It took all 8 years that the Mills-Mahama duo held the reins of governance for the chronic and perennial problem of erratic power supply in the country, infamously dubbed “Dumsor,” to remarkably abate. So it beats the imagination of any studious and avid observer of the Fourth Republican Ghanaian political scene to hear former President John Dramani Mahama proudly thump his chest and drunkenly jive and attempt to take undeserved credit for having significantly improved the country’s economy prior to him handing over the democratic reins of governance to the Akufo-Addo-led New Patriotic Party (NPP).
If, indeed, Mr. Mahama and his National Democratic Congress’ regime resolved the perennial problem of “Dumsor,” then what was the reason for demanding the resignation of Dr. Kwabena Donkor, for whom the former President had custom-tailored the erstwhile Power Ministry, which Mr. Mahama then promptly dissolved? Dr. Donkor would unreservedly and publicly apologize for having scandalously failed to do due diligence with the brokering of the AMERI power deal and the effective ending of the energy crisis within the period that he had publicly promised to do so.

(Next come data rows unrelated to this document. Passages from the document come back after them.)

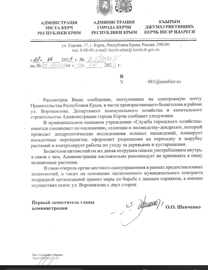 Администрация, вместо того, чтобы разъяснить план по борьбе с болиголовом написала о том, что у них в штате есть специалист по озеленению, селекции и лесоводству-дендролог. К чему прозвучал данный ответ, то ли к тому, что болиголов теперь выращивают в благоустроенных дворах и на территориях с завезенным грунтом, то ли к тому, что это опыты этого дендролога, непонятно. Если бы еще и диплом этого дендролога приложили и фамилию сообщили, чтобы знать, кто это конкретно за бюджетные деньги занимается культивацией ядовитого растения и травит керчан. Или это так составлен ответ. Но того, кто составил и подписал такой ответ за бюджетные деньги, видно сразу - первый заместитель глав администрации ОО Шевченко.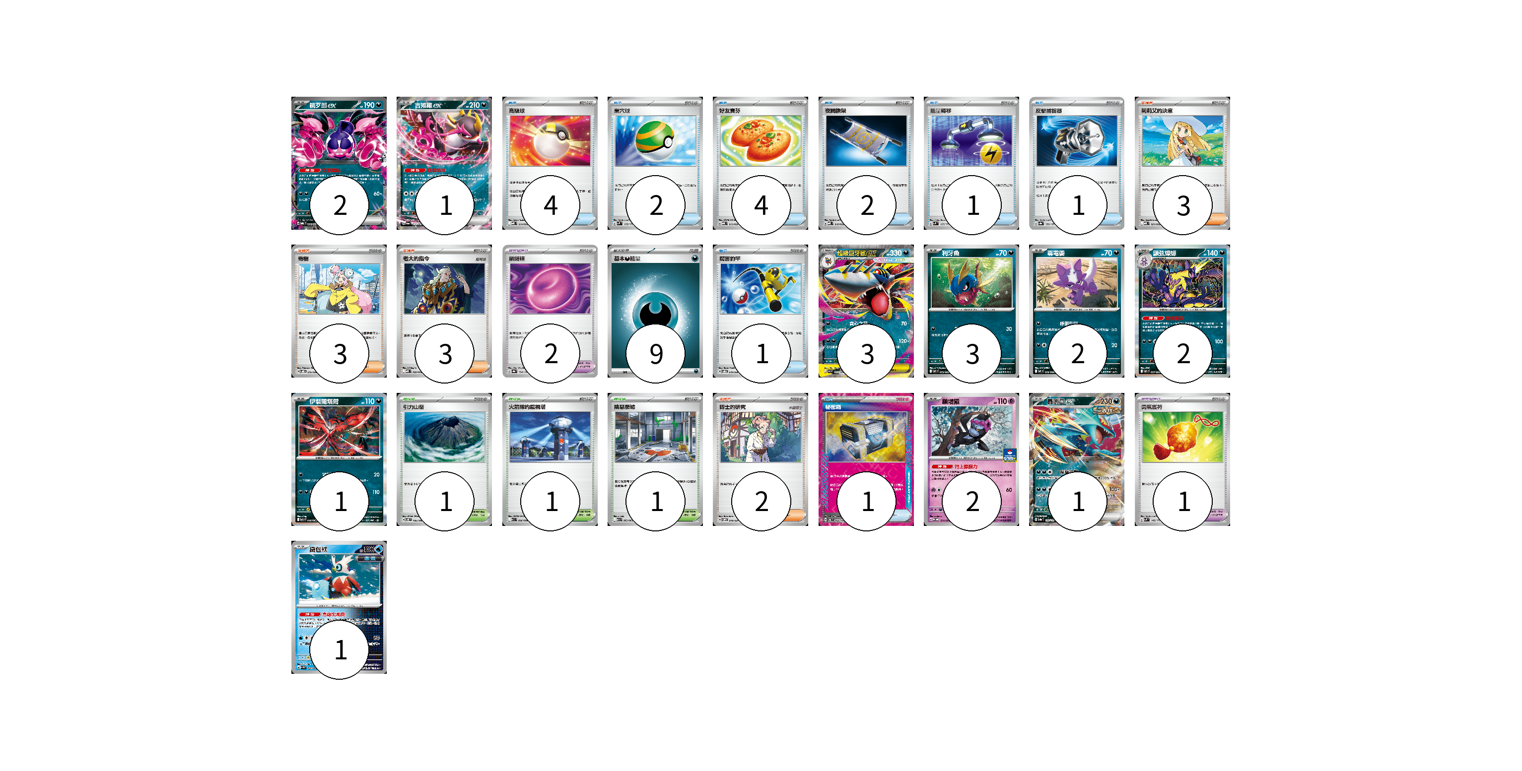 牌組構築方案 以此牌組為基礎新構築牌組 顯示卡面 顯示列表 寶可夢卡(18) 2 1 3 3 2 2 1 2 1 1 寶可夢道具(3) 2 1 物品卡(16) 4 2 4 2 1 1 1 1 支援者卡(11) 3 3 3 2 競技場卡(3) 1 1 1 能量卡(9) 9 寶可夢卡(18) 卡牌名稱 張數 卡牌名稱 張數 桃歹郎ex MBG 009/022 02 吉雉雞ex SV6a 038/064 01 超級巨牙鯊ex M2 051/080 03 利牙魚 M2 050/080 03 毒電嬰 M2 056/080 02 顫弦蠑螈 M2 057/080 02 伊裴爾塔爾 M1L 040/063 01 願增猿 M-P 014/M-P 02 轟鳴月ex SV8a 101/187 01 鐵包袱 SV4M 020/066 01 寶可夢道具(3) 卡牌名稱 張數 卡牌名稱 張數 鎖鏈糬 SV8a 154/187 02 勇氣護符 SVM 142/175 01 物品卡(16) 卡牌名稱 張數 卡牌名稱 張數 高級球 MBD 014/022 04 巢穴球 SVM 133/175 02 好友寶芬 MBD 013/022 04 夜間擔架 MBD 016/022 02 能量轉移 SVM 127/175 01 反擊捕捉器 SV8a 139/187 01 厲害釣竿 SVOD 010/020 01 秘密箱 SV6 092/101 01 支援者卡(11) 卡牌名稱 張數 卡牌名稱 張數 莉莉艾的決意 MBD 021/022 03 奇樹 SVOD 016/020 03 老大的指令 MBD 020/022 03 博士的研究 SVOM 019/021 02 競技場卡(3) 卡牌名稱 張數 卡牌名稱 張數 引力山岳 SV8 106/106 01 火箭隊的監視塔 SV10 096/098 01 險惡廢墟 M1L 063/063 01 能量卡(9) 卡牌名稱 張數 卡牌名稱 張數 基本【惡】能量 MBG DAR 09 以此牌組為基礎新構築牌組 牌組編碼 YQGztn-NwRDRJ-haNmQe copy 列印牌組單 牌組編碼已複製 分享至SNS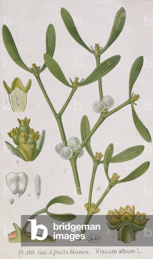 FLO4600440 Gui - Mistletoe, Viscum album, hemi-parasitic shrub. Handcoloured zincograph by C. Chabot drawn by Miss M. A. Burnett from her ""Plantae Utiliores: or Illustrations of Useful Plants,"" Whittaker, London, 1842. Miss Burnett drew the botanical illustrations, but the text was chiefly by her late brother, British botanist Gilbert Thomas Burnett (1800-1835).

You see, in his megalomaniacal quest to assuming the Presidency, after having wasted four-and-half long years of prime national development time, the former Atta-Mills’ arch-lieutenant appears to have so soon forgotten that the hundreds of thousands of Ghanaian and foreign entrepreneurs and workers who lost their businesses and sources of income or livelihood have yet to overcome the trauma unleashed on them by the gross administrative incompetence of the former Rawlings’ Communication Minister. He may also have forgotten this, but most Ghanaians have not so soon forgotten Mr. Mahama’s insult to them, at the peak of the Dumsor crisis, that it was only entrepreneurs and workers who woefully lacked common sense and creativity who had failed to invent other alternatives to meaningfully and productively get around and over the Dumsor crisis.

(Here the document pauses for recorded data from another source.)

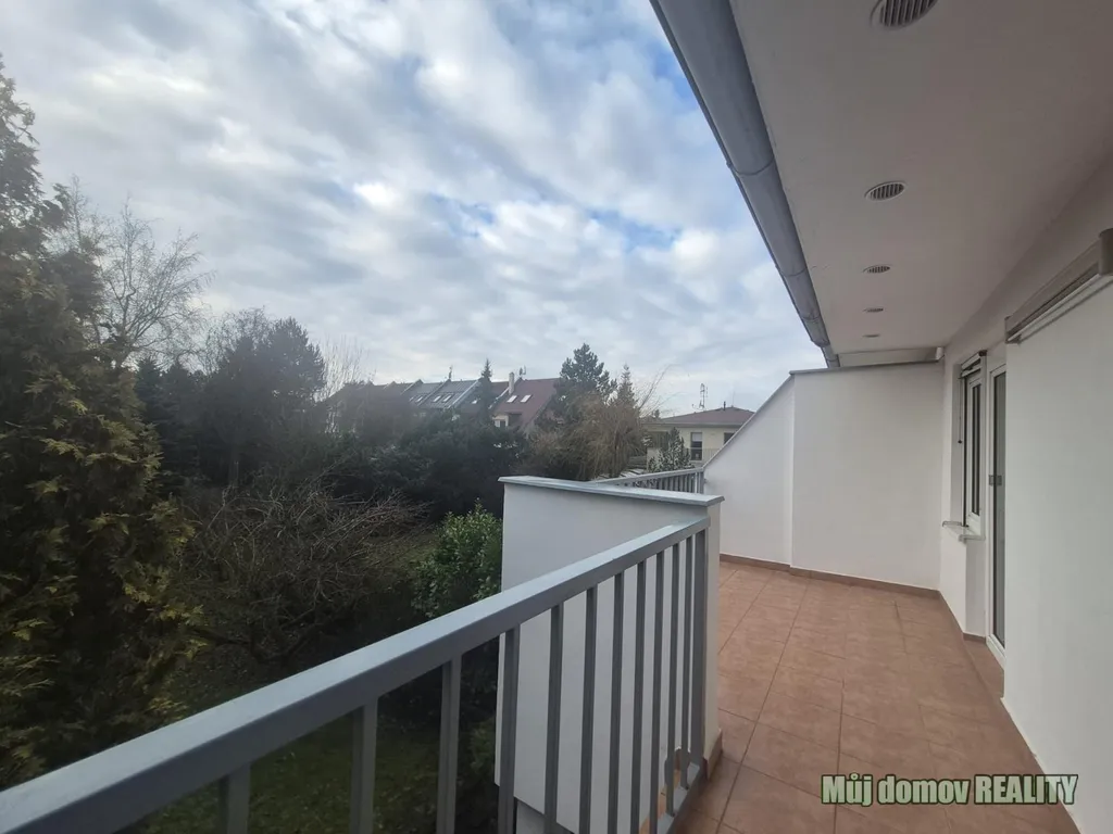 V patře jsou tři ložnice, každá s přístupem na balkon, dále menší pracovna a koupelna s WC a pračkou. Obytné místnosti jsou orientovány převážně na jih, díky čemuž je dům velmi světlý a nabízí příjemné výhledy do zeleně. Ulice je tichá, bez rušivého provozu.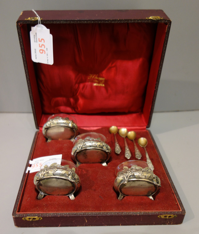 Lotto 0955 | Quattro saliere in argento con vetri nella loro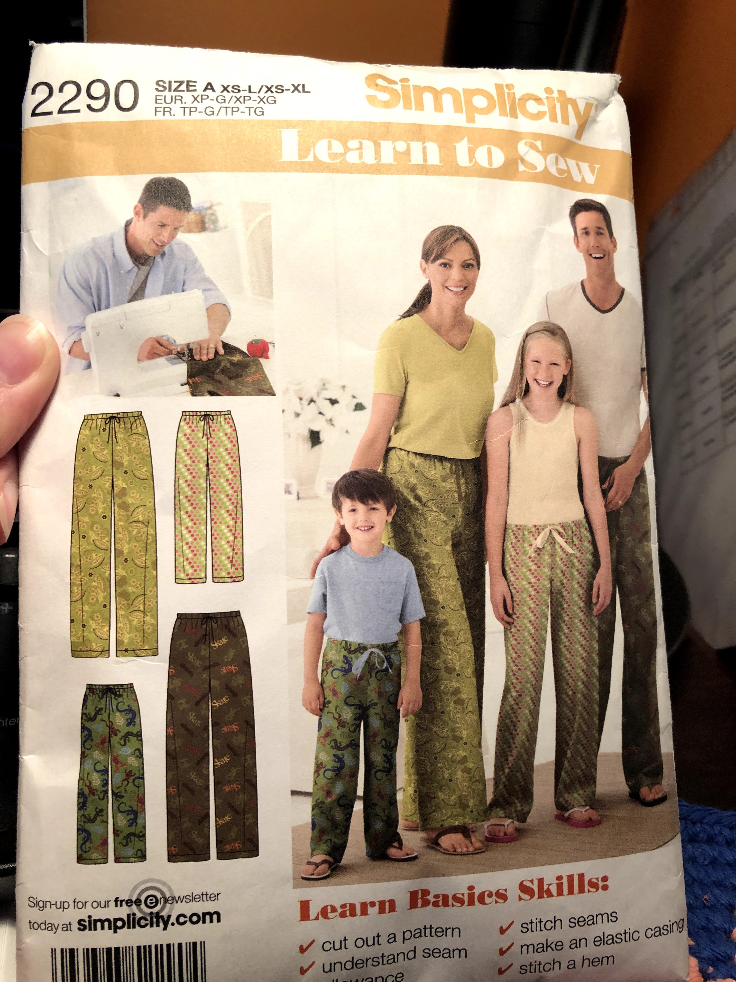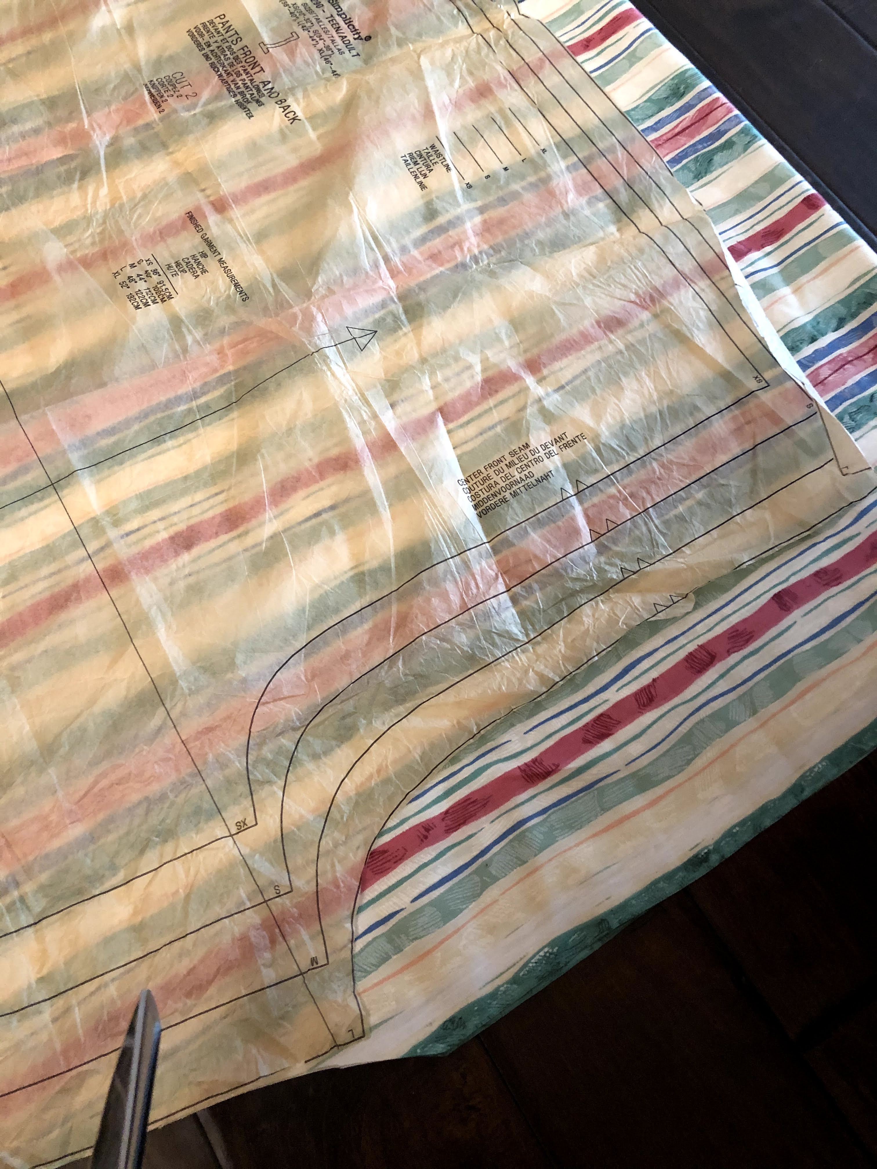Which brings us to today. That stripe? Oh yeah. I STILL had a 3 yard cut languishing in my stash of fabric. I was going to turn it into lining fabric of fabric face masks that I’m sewing to donate to local schools. It looks like an old sofa. Or some hideously dated curtains. The spouse and I were discussing the awfulness of it one afternoon when it dawned on me. IT NEEDED TO BECOME ANOTHER PAIR OF PAJAMA PANTS FOR ME.

We ask about the summary dismissal of the former Power Minister because, on the one hand, while he forced Dr. Donkor out of his post at the Power Ministry for gross managerial ineptitude, nevertheless, Mr. Mahama now wants to conveniently and opportunistically take credit for the AMERI Power Deal which Dr. Donkor was accused of having recklessly bungled. It is also rather risible for the former NDC-Member of Parliament for Bole, in the Northern Region, to haughtily claim to have added a significant capacity of the electricity generated in the country, when one reckons the fact that it was former President John Agyekum-Kufuor, and the New Patriotic Party, and not either former President Jerry John Rawlings or Monsieur John Evans Atta-Mills, or John Mahama, who constructed both the Bui Power Plant or the Kpong Power Plant, which are the two most significant energy generating plants in the country after Akosombo.
I must also emphasize to Mr. Mahama that between July and August this year, when I visited Ghana with my family, Ghanaians were not totally out of the proverbial woods vis-à-vis the Dumsor crisis. President Akufo-Addo had, however, managed to drastically abate the Dumsor crisis. My family and I were able to access uninterrupted energy supply because power supply from the Electricity Company of Ghana (ECG) was regularly supplemented by solar energy, thanks to my brother-in-law, Mr. Frederick Kwadwo Henaku, a Russian-trained mining engineer, who works in the energy industry in the country, who had installed solar panels on the roof of his house.
Indeed, if he really cared about the energy needs of the country and, by extension, the country’s economic and industrial growth and development, Mr. Mahama would since long have ensured that the astronomical cost of solar power was manageable and affordable to the overwhelming majority of Ghanaian citizens, especially those resident in our rural communities. Now, Mr. Mahama needs to tell Ghanaians precisely how and when during his four-and-year tenure he “stabilized” the country’s economy. And also the rate of economic growth of the country by the time that he left office in January 2017, compared to the country’s economic growth rate and capacity under the current Akufo-Addo-led government of the New Patriotic Party. And then we can begin to talk about realpolitik, that is, the serious art and craft of progressive and democratic governance.